> [WHAT TO WORK ON]
Although pictures appear in the data, the answer should contain only the lines from its start through the line with "Figura 2. Segundo", written out exactly.

> [PROVIDED INFORMATION]

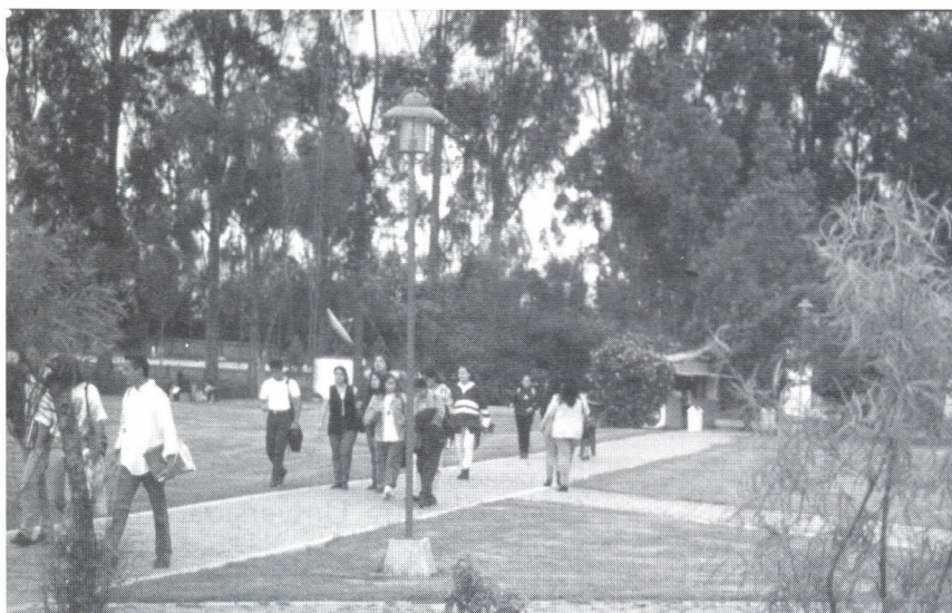
Campus Universitario del Puente del Común

Es muy común escuchar, sobre todo a quienes ya se desempeñan en el ámbito laboral, sus añoranzas por las experiencias vividas en las épocas de estudiantes. Qué afortunados somos quienes podemos combinar el diario vivir y los frutos de ser trabajadores y estudiantes al mismo tiempo, porque supone contar con la oportunidad de experimentar el aprendizaje de un panorama inmenso, de conocimientos e intercambios personales y su transmisión o aplicación en los más diversos campos con personas tan particulares que en sí mismas constituyen un reto para quienes hemos escogido la noble labor educativa.
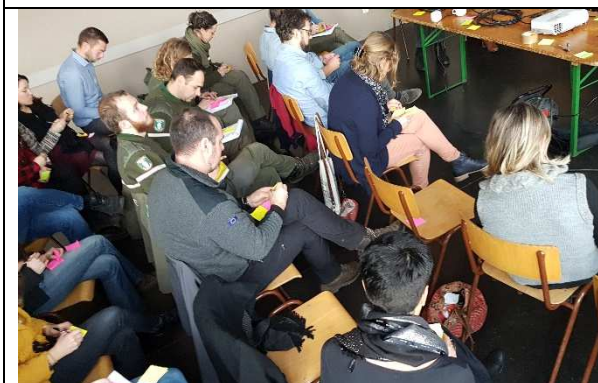
Expressions de chacun par post-it
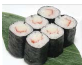
363. Surimi Maki 4,50 mit Surimi
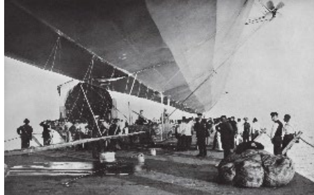
Motiv im März: LZ 1 kurz vor dem Start zur ersten Fahrt. Kielansicht des LZ 1 über dem Ponton mit Haltemannschaft. Im Hintergrund die schwimmende Luftschiffhalle.
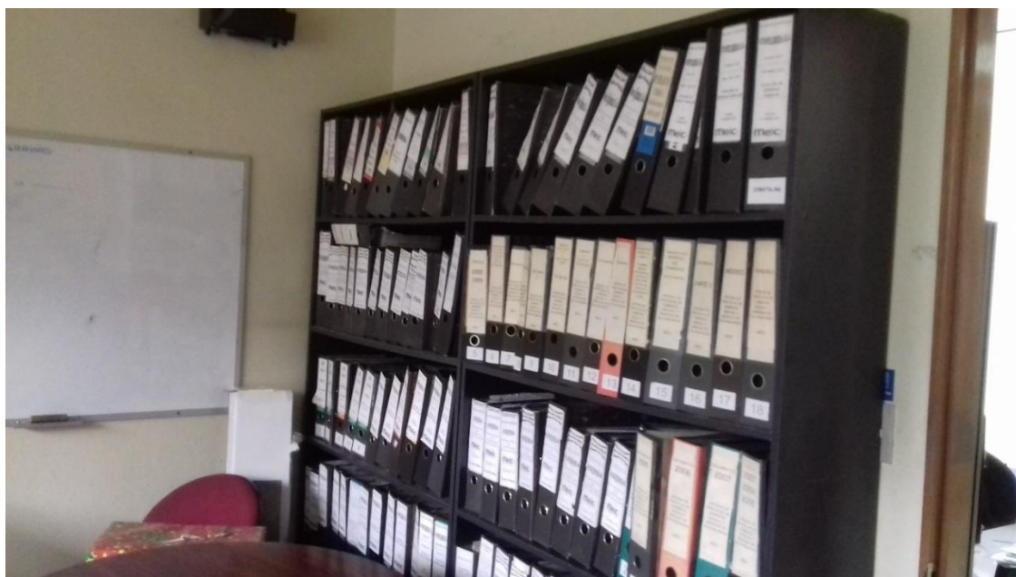
OFICINA DE LA DIRECTORA
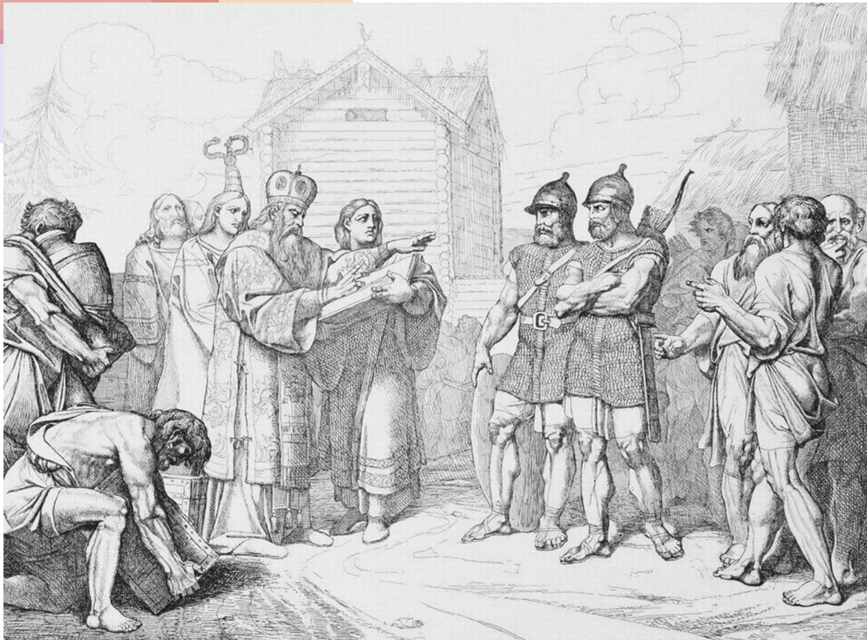
Прибытие в Киев епископа. Гравюра Ф.А. Бруни, 1839
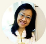
林秀娟会吏 圣约翰堂

十二小先知书中，何西阿书有着与众不同的故事背景：上帝要身为先知的何西阿去娶一位不守妇道的淫妇为妻。即使在今天的社会里这样的作法也是不被许多人所接受的。何西阿书所记载的会不会只是一个传说或虚构的故事？或者上帝真的命令何西阿娶淫妇为妻？到底何西阿书要传达的是什么样的信息？而这个信息与今天的我们又有什么关系？让我们打开何西阿书，一起探讨其中的真理，也一起学习信息中宝贵的功课。
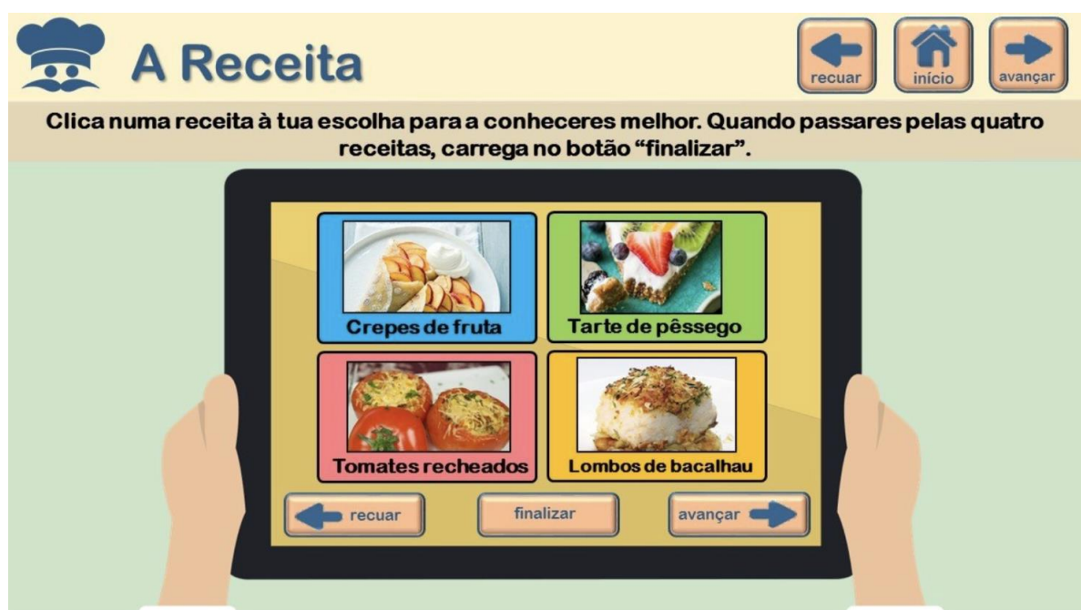
Figura 2. Captação de ecrã do protótipo A receita

Na sequência deste processo, o protótipo de recurso digital produzido pelo grupo de trabalho privilegia uma estrutura não linear, que permite que o utilizador determine o percurso a seguir para a realização das atividades. Organizando-se em torno de um ecrã principal com imagem e título de quatro receitas culinárias, o utilizador é convidado a escolher a receita por que quer começar (cf. Figura 2).
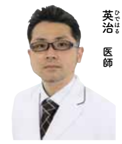
総合医療センター 歯科口腔外科

おいしい食事をしっかり食べて健康を維持するためにはお口の管理が重要です。お口の病気はお口だけでなく、全身の健康に影響することが分かっています。特に45歳以上で半数以上の人がかかっている歯周病はさまざまな病気に影響を与えます。 糖尿病は歯周病による歯肉の炎症が続くと、血糖を下げる働きをしているインスリンが効きにくくなり、血糖が上昇し悪化することがあります。そのため、歯周病の治療を受け、歯肉の炎症を治した結果、糖尿病が改善することもあります。 その他にも歯肉の炎症が続いている人は、脳の血管が詰まってしまいう脳梗塞が健康な人よりも2・8倍発生リスクが高いとされ、妊婦さんでは早期低体重児出産の危険性が7倍高いと言われており、その他にもさまざまな疾患との歯周病の関連が分かっています。 歯周病や虫歯の治療など歯科治療の大きな役割は、食事をしっかりと
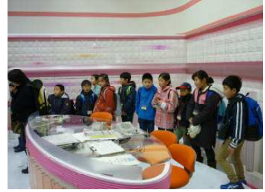
【11月20日 全校校外学習（秋田市へ）】
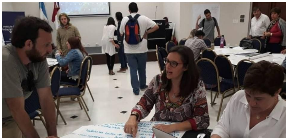
Figura 2. Segundo taller ciudad deseada. Mesa de Café.

- Pasados el tiempo establecido se continuaba con el siguiente eje y los resultados que los diferentes grupos plasmaron en afiches se retiraban y fueron sistematizados en un solo documento por eje por parte de los organizadores, mientras los participantes desarrollaban los ejes. El resultado parcial de la sistematización fue compartido al final de la jornada.
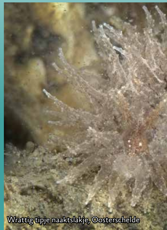
Wrattig tipje naaktslakje, Oosterschelde
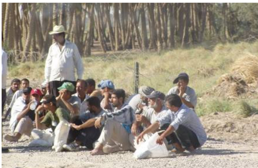
Biztonsági okokból nem engedik be dolgozni az iraki alkalmazottakat

A KBR megtagadja, hogy a dolgozói kellő fegyveres biztosítás nélkül az utakon mozogjanak. A logisztika minden területén folyamatosan jelentkeznek a gondok. Hiába, mi nem háborúra lettünk létrehozva. Pedig itt háború van!

> [TASK SOLUTION]
Campus Universitario del Puente del Común

Es muy común escuchar, sobre todo a quienes ya se desempeñan en el ámbito laboral, sus añoranzas por las experiencias vividas en las épocas de estudiantes. Qué afortunados somos quienes podemos combinar el diario vivir y los frutos de ser trabajadores y estudiantes al mismo tiempo, porque supone contar con la oportunidad de experimentar el aprendizaje de un panorama inmenso, de conocimientos e intercambios personales y su transmisión o aplicación en los más diversos campos con personas tan particulares que en sí mismas constituyen un reto para quienes hemos escogido la noble labor educativa.
Expressions de chacun par post-it
363. Surimi Maki 4,50 mit Surimi
Motiv im März: LZ 1 kurz vor dem Start zur ersten Fahrt. Kielansicht des LZ 1 über dem Ponton mit Haltemannschaft. Im Hintergrund die schwimmende Luftschiffhalle.
OFICINA DE LA DIRECTORA
Прибытие в Киев епископа. Гравюра Ф.А. Бруни, 1839
林秀娟会吏 圣约翰堂

十二小先知书中，何西阿书有着与众不同的故事背景：上帝要身为先知的何西阿去娶一位不守妇道的淫妇为妻。即使在今天的社会里这样的作法也是不被许多人所接受的。何西阿书所记载的会不会只是一个传说或虚构的故事？或者上帝真的命令何西阿娶淫妇为妻？到底何西阿书要传达的是什么样的信息？而这个信息与今天的我们又有什么关系？让我们打开何西阿书，一起探讨其中的真理，也一起学习信息中宝贵的功课。
Figura 2. Captação de ecrã do protótipo A receita

Na sequência deste processo, o protótipo de recurso digital produzido pelo grupo de trabalho privilegia uma estrutura não linear, que permite que o utilizador determine o percurso a seguir para a realização das atividades. Organizando-se em torno de um ecrã principal com imagem e título de quatro receitas culinárias, o utilizador é convidado a escolher a receita por que quer começar (cf. Figura 2).
総合医療センター 歯科口腔外科

おいしい食事をしっかり食べて健康を維持するためにはお口の管理が重要です。お口の病気はお口だけでなく、全身の健康に影響することが分かっています。特に45歳以上で半数以上の人がかかっている歯周病はさまざまな病気に影響を与えます。 糖尿病は歯周病による歯肉の炎症が続くと、血糖を下げる働きをしているインスリンが効きにくくなり、血糖が上昇し悪化することがあります。そのため、歯周病の治療を受け、歯肉の炎症を治した結果、糖尿病が改善することもあります。 その他にも歯肉の炎症が続いている人は、脳の血管が詰まってしまいう脳梗塞が健康な人よりも2・8倍発生リスクが高いとされ、妊婦さんでは早期低体重児出産の危険性が7倍高いと言われており、その他にもさまざまな疾患との歯周病の関連が分かっています。 歯周病や虫歯の治療など歯科治療の大きな役割は、食事をしっかりと
【11月20日 全校校外学習（秋田市へ）】
Figura 2. Segundo taller ciudad deseada. Mesa de Café.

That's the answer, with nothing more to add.